OK. The very biggest change? You have to question if Theresa May would have chosen Boris Johnson as Foreign Secretary if not for Trump's love for him. Would Johnson have been chosen to be party leader if this had not happened?

Then there's Trump's undermining of NATO and other agreements which has caused the biggest defence spending increase in the UK since the collapse of the Soviet Union.

There are probably other examples of policy changes related to the changes I listed previously and others, but the above two are the main ones I can think of.

I can't be bothered to think about Clinton, Gore or others, they were not part of the original conversation.

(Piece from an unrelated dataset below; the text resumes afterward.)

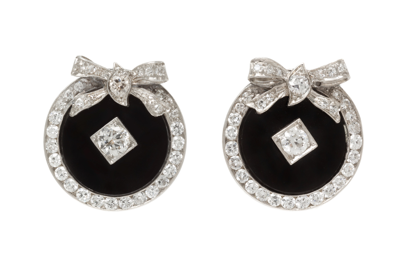 A Pair of Platinum, Diamond and Onyx Earclips,

And this begs the question, why are you constantly pushing back on the idea Trump was bad for the UK and globally? Why push back on Trump being called an autocrat (which is how this all started before the goalposts were moved to the next post code)?

 
PDR
1383528.  Sun Jun 20, 2021 3:05 am Reply with quote

Meanwhile there's this quite astonishing admission by the Texas Attorney Gwneral:

Texas AG Says Trump Would've 'Lost' State If It Hadn't Blocked Mail-in Ballots Applications Being Sent Out

Despite everything that's happened, the GOP are STILL supporting Trump. It tends to support the view that the USA has a two-party system comprised of a Democratic Party and an Undemocratic Party.

PDR

 
Jenny
1383556.  Sun Jun 20, 2021 9:38 am Reply with quote

Maybe I'm being overly optimistic, but I think there is beginning to be a split between the Trump-supporting Republicans, who are essentially descendants of the 1990s Neocons via the Tea Party, and the old-style pre-Reagan Republicans, who are much more wedded to the Constitution. See, for example, Mitt Romney and Liz Cheney.

 
Efros
1383564.  Sun Jun 20, 2021 10:49 am Reply with quote

Cracks are showing but not enough of them and not spreading fast enough for my liking.

 
CB27
1383606.  Mon Jun 21, 2021 7:10 am Reply with quote

The problem it seems is not that there are political differences between people, it's that some people are driven by political ideologies, and some by a tribal need to be part of a winning team at all costs.

 
tetsabb
1383627.  Mon Jun 21, 2021 11:14 am Reply with quote

Mike Pence gets heckled by rightwing religious audience
I can imagine the publishers putting that out with great relish. Is this a sign of those cracks mentioned above?

 
Brock
1383635.  Mon Jun 21, 2021 12:30 pm Reply with quote

CB27 wrote:
You have to question if Theresa May would have chosen Boris Johnson as Foreign Secretary if not for Trump's love for him.


Given that she appointed him as Foreign Secretary in July 2016, when Barack Obama was in power and everyone was expecting Hillary Clinton to become the next President, I doubt whether she remotely cared about what Donald Trump thought of anything.